Content: Students will be able to…

1. Read the first three paragraphs of Birkat Hamazon with understanding.

2. Describe the role that Jerusalem and the Temple played in the lives of the Jewish people.

3. Identify these as main themes in Birkat Hamazon, as seen in the third paragraph.

4. Relate the circumstances in which the Temple was destroyed.

5. Describe how Jews now serve God with prayer, since they cannot bring sacrifices to the Temple.

6. Read Psalms 137 and 126 with understanding.

7. Relate the content of these Psalms.

8. Compare and contrast the Psalms.

9. Explain why Psalm 137 is the daily introduction to Birkat Hamazon and why Psalm 126 is said on Shabbat.

10. Explain how saying these Psalms is a form of mourning for the Temple.

Skills

Students will be able to…

1. Compare and contrast Psalm 137 and 126

 

Values

Students will be able to…
1. Appreciate the centrality of the Temple to the Jewish people.
2. Understand how the loss of the Temple as devastating to the Jewish people.
3. Appreciate how saying these Psalms is a form of mourning for the Temple.

Resources & Equipment needed

Large map of world, Copies of Birkat Hamazon with Shir HaMa’alot (Psalm 126)and Al Naharot Bavel (Psalm 137).

Procedure

1. Ask the class: in which direction do we pray?
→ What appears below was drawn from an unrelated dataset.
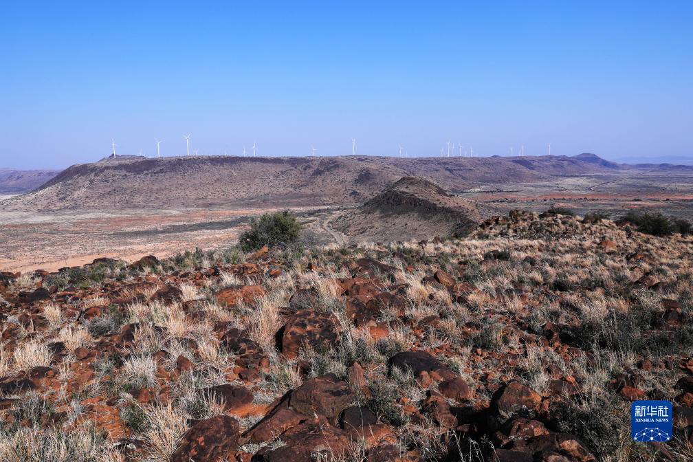 這是8月10日在南非北開普省德阿鎮拍攝的龍源南非公司德阿風電項目風機。

With a large map of the world, work out which direction Jews in various different countries pray towards (e.g. Alaska, Argentina, Far East, Israel itself, people in Jerusalem, and then people who are standing at the Kotel – i.e. towards the Temple mount). Discuss the reason for this. Look inside the text of Birkat HaMazon and read the first three paragraphs. Make sure students see the focus on Jerusalem and the Temple. Note: 1st paragraph = universal, 2nd = Land of Israel, 3rd = Jerusalem and Temple.
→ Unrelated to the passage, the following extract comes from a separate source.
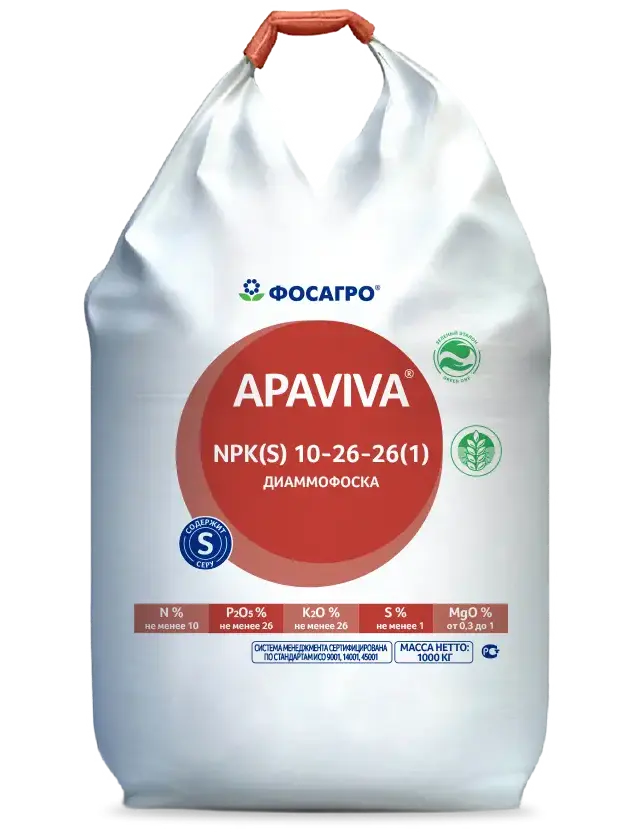 Диаммофоска - это классическое комплексное минеральное удобрение, которое используется в традиционных системах земледелия в качестве основного удобрения как под пропашные культуры с осенней вспашкой, так и под озимые. Его применение особенно выгодно в почвенных зонах с низким содержанием подвижного фосфора и калия, где отзывчивость культурных растений на диаммофоску выше, чем на плодородных почвах. Подходит для следующих культур: сахарная свекла, многолетние травы, кукуруза на зерно, кукуруза на силос, картофель, подсолнечник, соя, рапс. Диаммофоска поставляется в гранулированном виде, упакованная в мешки весом по 50 кг или в биг-беги (большие мешки).

2. Analyze the 3rd paragraph. Ask students why Jerusalem and the Temple is important theme to have in Birkat Hamazon. Mention that land is central to Birkat Hamazon because it is the source of food. Review the main concept of the last lesson (i.e. Judaism maintains that in every action/object there is a potential for holiness and therefore, Jewish life is structured around the attempt to realize this potential in every deed) and explain how food was used in serving God as in Temple times (i.e. sacrifices).

3. Discuss the role and purpose of the Temple. Describe the Temple’s physical appearance and what it contained. Note that the root of Korban (sacrifice) is kuf-resh-bet (to draw close) and that the root of Olah (a type of sacrifice) is ayen-lamed-hey (elevation). Thus, the Temple is a way to draw close to God.
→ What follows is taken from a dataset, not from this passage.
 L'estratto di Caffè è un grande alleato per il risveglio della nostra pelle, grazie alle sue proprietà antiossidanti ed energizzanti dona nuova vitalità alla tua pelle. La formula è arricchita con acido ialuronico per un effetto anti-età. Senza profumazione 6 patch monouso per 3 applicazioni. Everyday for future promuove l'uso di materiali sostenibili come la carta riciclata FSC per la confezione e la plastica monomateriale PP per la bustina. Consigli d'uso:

4. Make sure the students are aware of the circumstances in which the Temple was destroyed. Ask how we communicate our thanks to God without being able to offer sacrifices in the Temple. If students do not know, explain that the synagogue with its many objects and concepts, has become a replacement for the Temple. The bimah is like the altar, the prayers are like sacrifices, etc.

5. Analyze Psalms 137 and 126. Compare and contrast them (see sample chart below). It may be worthwhile to have the students work in small groups to fill in a chart similar to the one below.

6. Conclude by asking the students why they think that the Rabbis selected Psalm 137 to introduce Birkat Hamazon during the week, and why Psalm 126 introduced Birkat Hamazon on Shabbat. Explain that remembering the Temple, with its relevance to the sanctification of food, is central to Birkat Hamazon but that mourning is forbidden on Shabbat.

7. If there is time: Ask students if there are any other rituals or laws that remind us of the destruction of the Temple. These may include the Israel/Temple/Messianic focus in the Amidah, 17th Tammuz/9th of Av/the three weeks, crushing of glass at Jewish weddings. Teachers may wish to consult or provide the Kitzur Shulchan Aruch, Siman 126 – “Commemorating the destruction of the Temple”.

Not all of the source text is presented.